In later discussion it was also pointed out that Colorado requires that the ingredients in the fracking fluid formation be listed, but not the specific amounts or recipes. (In much the same way that Coke lists the ingredients but not the formula, so that no-one can gain the commercial benefit of copying their recipe). Other states also follow that requirement.
Richard Ranger pointed out that as a protective measure increasingly drillers are working with state agencies to take water samples both before and after drilling and fracking the wells to substantiate the claims of no impact. He also noted that the state agencies work closely together through groups such as the Interstate Oil and Gas Compact Commission to ensure that the wells that are drilled are properly monitored, and that nothing is done without following a detailed permitting process. And knowledge gained, for example in Texas, is quickly transferred to Pennsylvania.

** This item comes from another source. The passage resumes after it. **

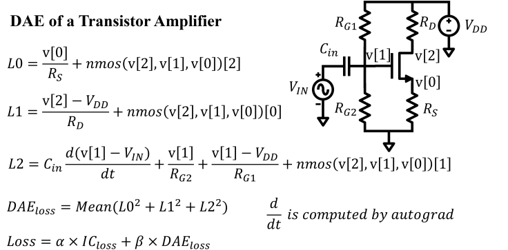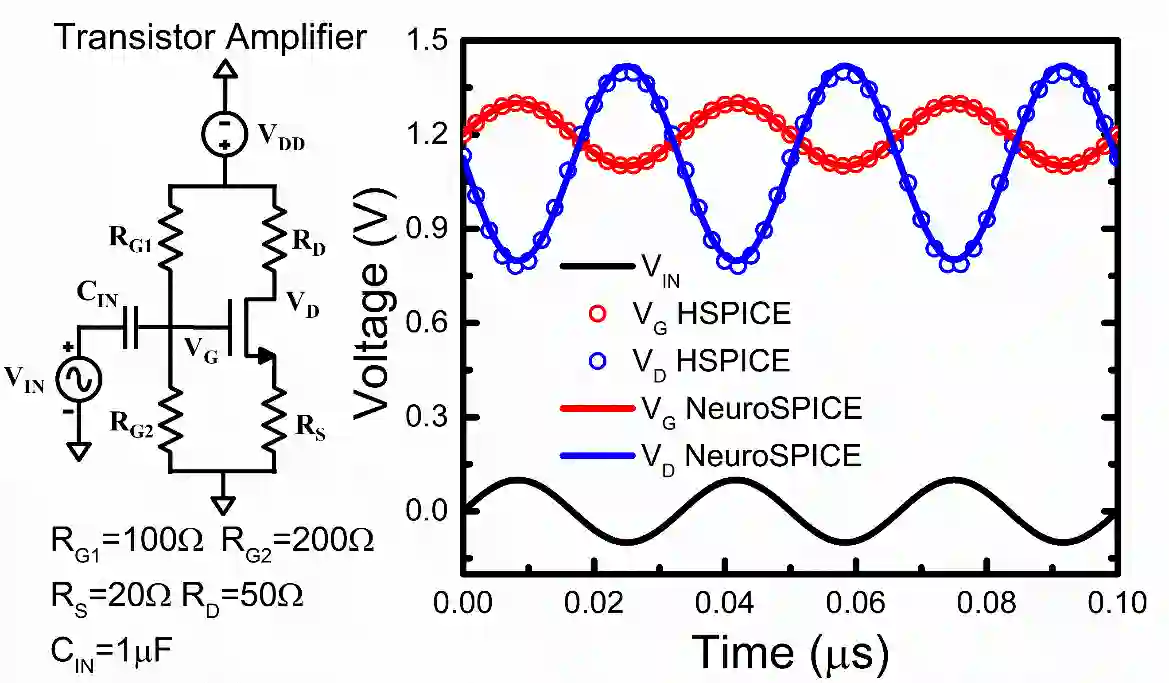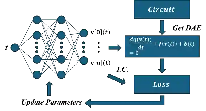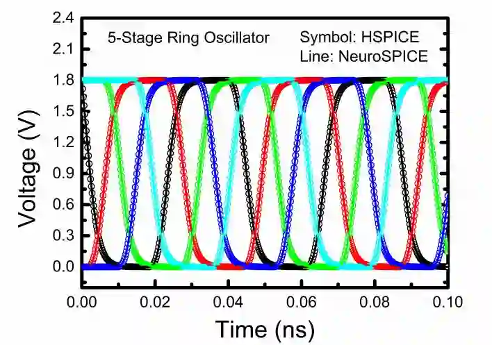 翻译:本文提出NeuroSPICE,一种基于物理信息的神经网络(PINN)框架,用于器件与电路仿真。与传统SPICE依赖时间离散化数值求解器不同,NeuroSPICE利用PINN通过反向传播最小化方程残差来求解电路微分代数方程(DAE)。该框架采用时域解析方程并精确计算时间导数,对器件与电路波形进行建模。尽管PINN在训练过程中的速度与精度未超越SPICE,但其具备独特优势,例如可为设计优化与反问题提供代理模型。NeuroSPICE的灵活性使其能够仿真新兴器件,包括铁电存储器等高度非线性系统。

When it came to the impact of any proposed regulation, asked by Rich Trzupek of Big Journalism, the Economists on the panel noted that up to 60% of current natural gas production comes from hydrofracked wells, and that slowing or stopping that amount of natural gas would obviously have significant impact. And it was noted that natural gas increasingly provides a fall-back reserve of power should the wind not blow, or the sun not shine, to support renewable energy supplies. (And in a subsequent follow-up API pointed to the jobs that could be gained by growing the natural gas industry to get natural gas from the Marcellus shale in Pennsylvania.)

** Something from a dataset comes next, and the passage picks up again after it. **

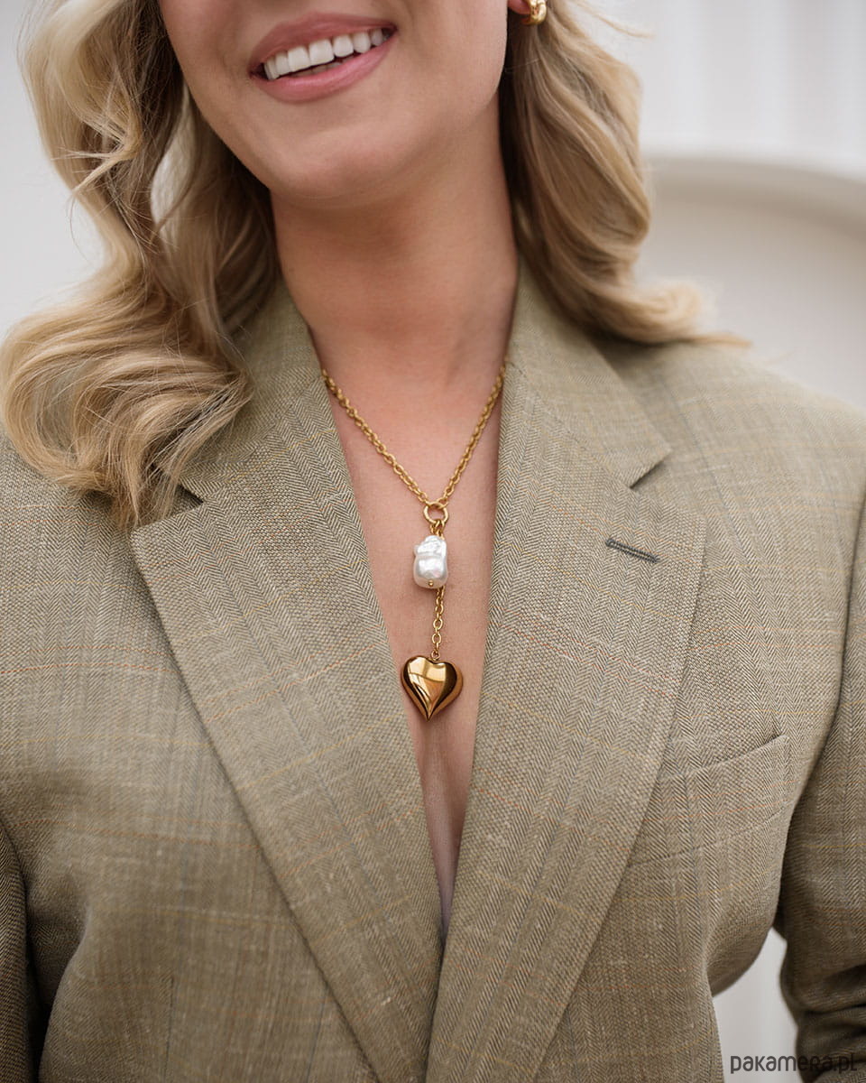 Model Amorelle to złoty naszyjnik ze stali chirurgicznej z zawieszką w kształcie serca oraz dekoracyjną imitacją perły. To połączenie romantycznego symbolu z nowoczesnym, minimalistycznym wykończeniem.Masz dość biżuterii, która ciemnieje i traci kolor po kilku tygodniach?Możesz nosić go pod prysznicem, na wakacjach, nad morzem czy na co dzień bez obaw o utratę blasku. Jeśli zastanawiasz się, jaka biżuteria nie ciemnieje - właśnie ją znalazłaś.Ten naszyjnik to absolutny must-have, doda stylizacji miękkości i kobiecego charakteru.Wymiary: Długość łańcuszka: 45 cm + 5 cm regulacjiWysokość zawieszki serce: 2,5 cmMateriał: stal chirurgiczna premiumWodoodporna i hipoalergiczna

Tim Hurst of Ecopolitology raised the question of the new EPA investigation, and he was assured that API would participate in whatever way they could contribute.
Gail asked about the source of the water, and in response Richard Ranger noted that while a typical 7 – 10,000 ft well might use 3 million gallons of water. This is the amount used by a typical golf course in a week, a 5-acre cornfield in a season, or a municipality of 8 million people (e.g. New York City) in 4 minutes. The amount of water required to generate a million Btu’s from natural gas is about 10% of that required to produce the same amount from coal, and about 0.1% of that required to get the same amount of energy from corn-based ethanol.
Geoff Styles of Energy Outlook asked about the use of diesel, but it was pointed out that while this is sometimes used as the basis for drilling fluids and muds, where water based muds might create problems in reacting with the rock, diesel is not used in the hydrofracking process.
One of the possible risks of hydrofracking was posited as being that the fractures would intersect other wells drilled in the same location, but Andy Radford pointed out that the degree of control ensures that fractures are grown under tight enough control, and limited ranges, to ensure that this does not happen, and that when wells are spent, that the sealing of the well is done sufficiently well to ensure that there is no risk of subsequent leakage.
The conference went on for over an hour, so I would recommend that those interested in more detail review the entire transcript. It was, as I have tried to illustrate, quite informative.